With just a week to go before the back-to-school rush, principals are finding it ‘almost impossible’ to find teachers to work in the capital.
Yesterday, there were 378 classroom vacancies in Irish secondary schools and, when Special Needs Assistants (SNA) are included, that figure rose above 410.
This morning, the Director of the National Association of Principals and Deputy Principals (NAPD) Paul Crone told Newstalk that schools are at “crisis point” ahead of the new school term.
“We have schools opening next week and I haven’t come across a single school that has said to me they have a full cohort of teachers ready for the opening up next week,” he said.

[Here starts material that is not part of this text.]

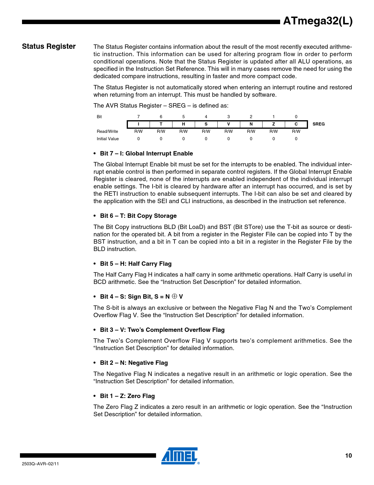 ATmega32(L). Status Register. SREG. • Bit 7 – I: Global Interrupt Enable. • Bit 6 – T: Bit Copy Storage

Around half the vacancies are in Dublin as teachers flee the capital in search of a lower cost of living.
Reporting for The Hard Shoulder this evening, reporter Barry Whyte spoke to a host of different teachers about the struggles of trying to make a living in the capital.
Monaghan native Kelli McArdle and her partner have been living and teaching in Dublin for six years now, and things are getting more difficult all the time.

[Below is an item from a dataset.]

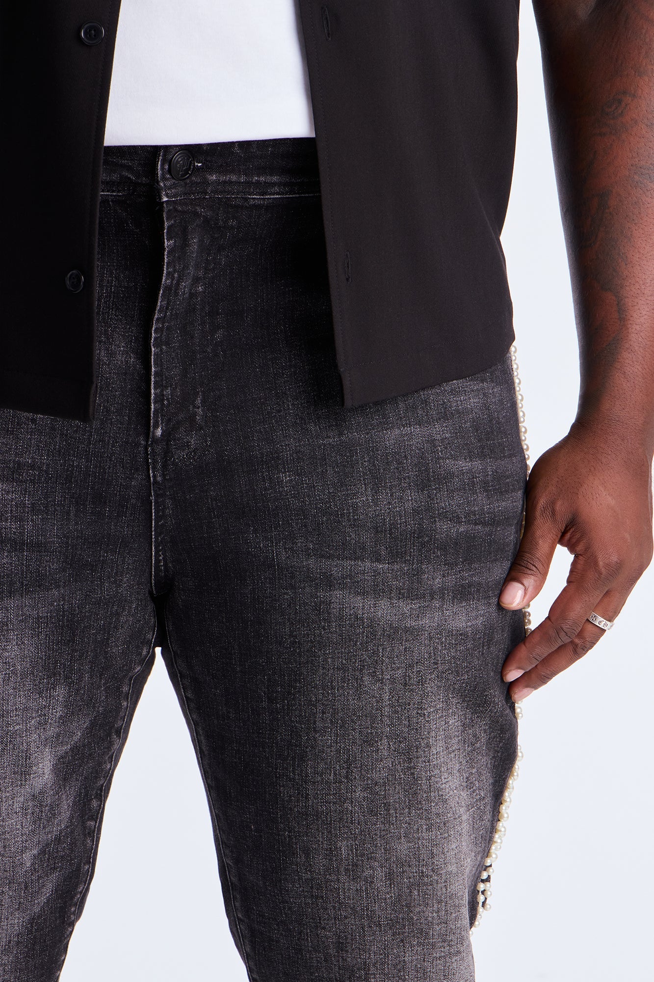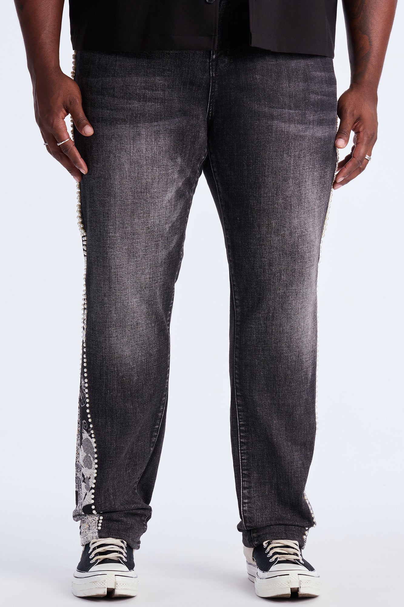Straight Pearl Panel Tapestry Jean - Black Wash

They are teaching in the Tallaght area but are living in Dublin 5 and are struggling to justify a daily commute that can take up to an hour and a half each way.
“It’s an absolute joke at the minute,” she said. “The amount of money that goes into diesel a week.
"We’re just spending stupid money on diesel and that is on top of our rent. Our rent isn’t even that ridiculous. I mean, in the grand scheme of things, it is ridiculous money, but it is on the lower bracket of what’s out there.
“If you had told me five years ago, this is what you’ll be paying for a one-bedroom granny flat, I would have been saying ah here, are you serious.”
She said they are trying to save for the future but find it impossible with bills stacking up.
“It’s just a draining situation and we’ve both been sitting here saying, what are we doing?” she said.
“We’re scrimping and saving every last cent and it is just becoming tighter and tighter and we have had that conversation going, is Ireland the place we need to be at the minute?
“Because right now it is a country where we’re not benefitting at all. We’re actually losing out massively so are we better off moving to another country and living a proper life there and seeing if Ireland can sort itself out?
“Because at the minute it is just not the place we grew up to want to live in. Every cent we have is accounted for and that is not a life we should be living.”
Mairéad said she came back to Ireland in 2019 after working as a teacher in Dubai for four years.
She said she came home when a Government delegation travelled to Dubai to plead with teachers to return.
Now, she’s considering leaving teaching altogether because she’s struggling to make ends meet.
“I simply cannot afford to live in Dublin,” she said. “I’m having to use my Dubai savings to cover any extra expenses like travel, health emergencies and things like that. I haven’t managed to save anything since coming back and my savings have dwindled.
“Basically, I’m operating at a loss.
"I’ll never afford anything within commuting distance of my job and it’s also so disheartening that my employer is refusing to pay me my fair salary. So yes, I do massively regret coming home.
“I’ll definitely be leaving teaching. I’m currently retraining for something else but if that doesn’t work out, I’ll go abroad to teach again at the end of this school year.”
Triona from Offaly has been living in Kildare and working in Dublin since 2018.
“After a year, I became permanent in my school and I could not be happier with where I work; I absolutely love my job and my school but unfortunately, I’m beginning to look at other options because continuing to live in Kildare - not even Dublin - is not feasible.
“It’s a terrifying decision to have to make. One friend has moved home to Clare and still hasn’t secured a full year position after three years of trying and I’m seeing my other friends go to Australia because, even if we move home, we still can’t afford to buy a home and there are no properties for rent.
“I’m a lot luckier than others as I have a rental property sorted, but the cost of living is crushing a lot of teachers and as much as it would absolutely break my heart to leave a workplace that I love, I’m running out of options, like many other teachers in my position.”